Robotic automation is one of the hottest investment growth areas as seen with the spectacular rise of the Blue Prism (LSE:PRSM) share price which has increased over 1,500% in five years. I called out this share price as unrealistic in September and it has fallen around 40% since then. Most of this fall is due to the weak market but the most hyped shares appear to have been suffering the most.
Worth the hype?
Blue Prism has a very exciting product as indicated by its excellent customer retention with recurring licence revenue making up 93% of its total. Forecast revenue growth is massive, at around 50% for the next couple of years. It has also been beating expectations which I like to see.
However the scale of the upside has attracted a lot of gamblers. At the time of writing, the share price has just gained 10% in one day after losing 10% yesterday. With such high volatility, entering at this stage is tantamount to gambling unless you can realistically assess what the business is worth. The company is releasing a trading update on Tuesday and recently these have been very positive causing surges in the share price.
Last week the chairman announced he was leaving the business to focus on other companies. I find it odd that he would leave if he thought the firm could become one of the biggest in the UK. It’s easy to forget how small this company still is and how much has to go right for it to be worth its current price.
The company is burning through cash to achieve its growth and it’s very difficult to assess how profitable it will become. I can understand the bull case for this share, but I don’t think even the best companies should be bought at any price. Even after this fall the price is still supported by hype which can easily collapse, so I’d stay away.
A good mix?
Fevertree Drinks (LSE:FEVR) has also been on my radar for a while. It has a lot of similar attributes to Blue Prism with rapid international growth, regularly exceeding expectations and an enormous valuation.

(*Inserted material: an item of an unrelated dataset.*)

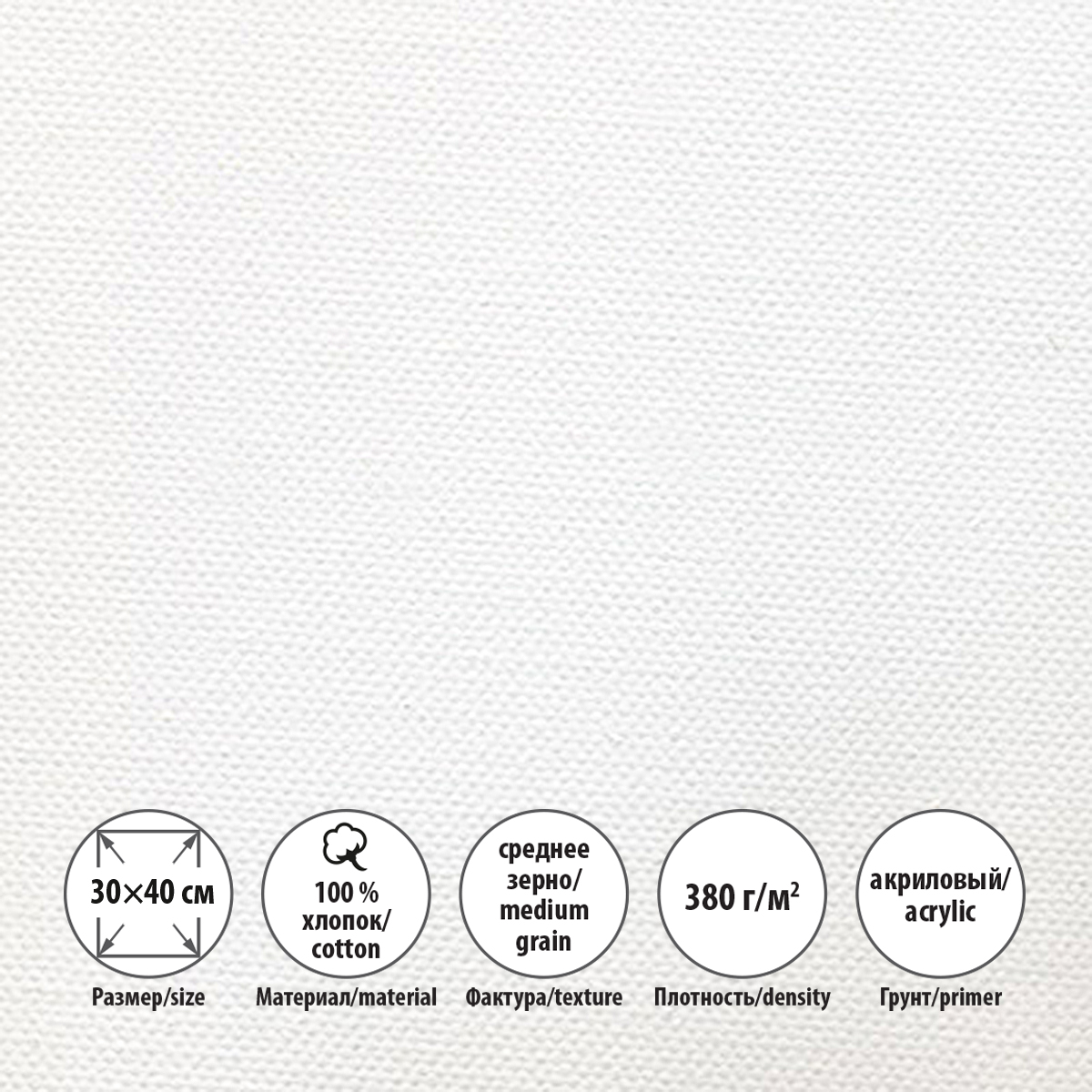 Холст грунтованный на подрамнике 30х40 см, 380 г/м², 2 шт, среднезернистый, Vista-Artista SCC-3040
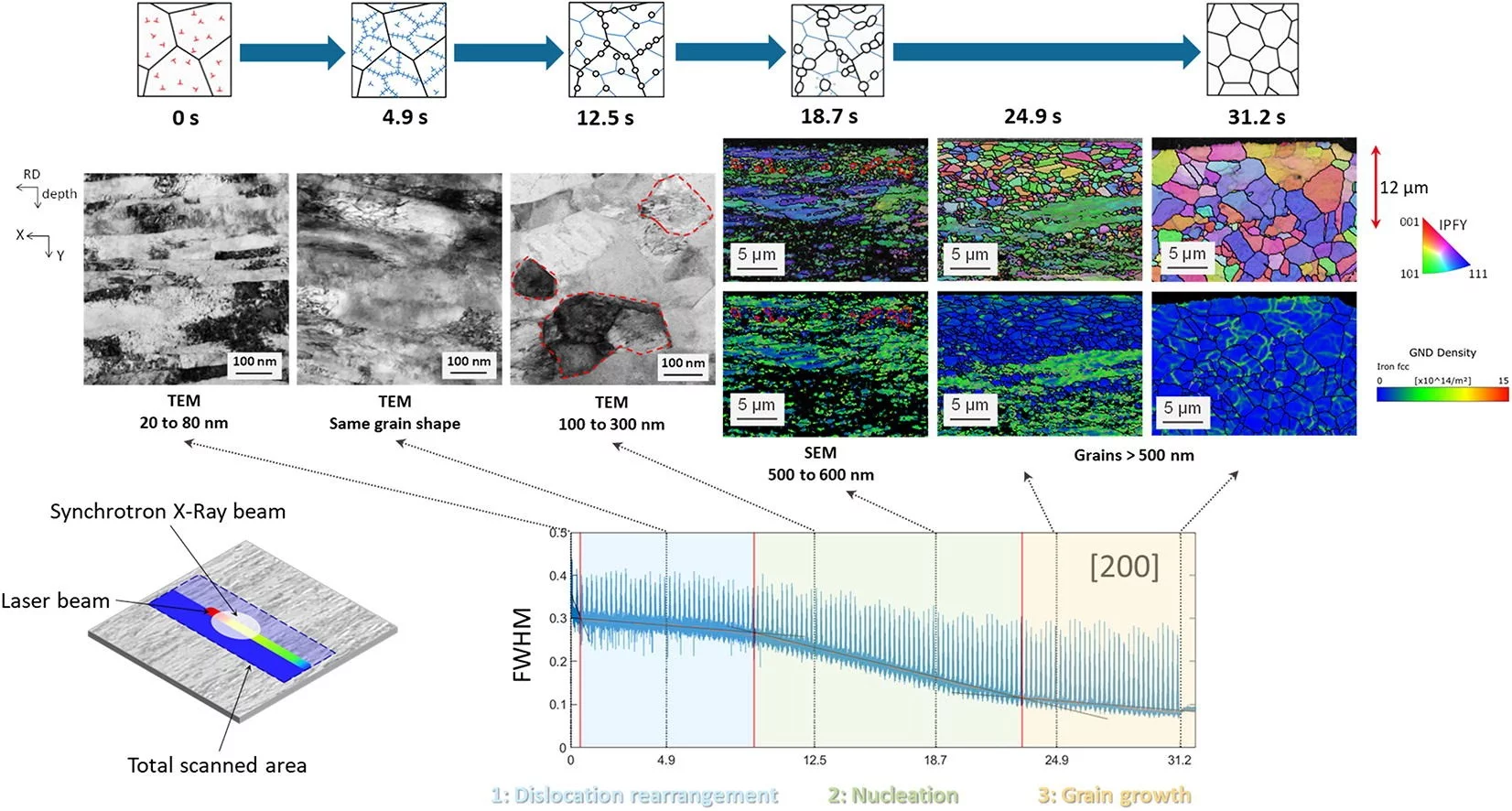 Grain refinement of metal structures is an extensively used method for improving mechanical properties of multiple alloys (and steels in particular), since most of the parts generated from casting or laser-based additive manufacturing (LAM) result in coarse grain structures or highly textured columnar grains. Different strategies can provide more random textures with lower defect content and finer, more homogenous grain size distribution. For instance, annealing will trigger the rearrangement of dislocations in a deformed material, and may promote nucleation of recrystallization. At high-angle grain boundaries, dislocation-free crystallites will form and grow to replace the initial microstructure. In this regard, a precise microstructural control becomes essential for ensuring good quality of a metallic part. Yet, the capacity to successfully refine the microstructure is highly dependent on the specimen's initial state. For example, LAM 316L samples exhibit slower kinetics and a higher recrystallization temperature than conventionally produced 316L.

But it also offers what I think are exceptional quality metrics. These indicate how effectively it can generate profits on revenues and reinvested capital and are often over looked by new investors but are very important pointers to how quickly a company can grow. Fevertree has an operating margin of 32% and a return on reinvested capital of 44%, which is a powerful cocktail.
I particularly like the brand, which I think still has a lot of room to expand in the international market that currently only makes up 44% of its revenue. Its biggest focus has been the UK so far, but the gin trend is an international phenomenon, so there is great opportunity for global growth.
Any mention of Fevertree will include valuation at some point. With a price-to-earnings ratio (P/E) of 47.2, it’s not cheap. But you don’t expect to pay low prices for the best products. Fevertree has frequently traded at a P/E of above 100 and has never traded below 40. We may be in a bear market, which means the old rules will no longer apply but this is a share that I’d like to own, and at this price I’d be tempted to buy.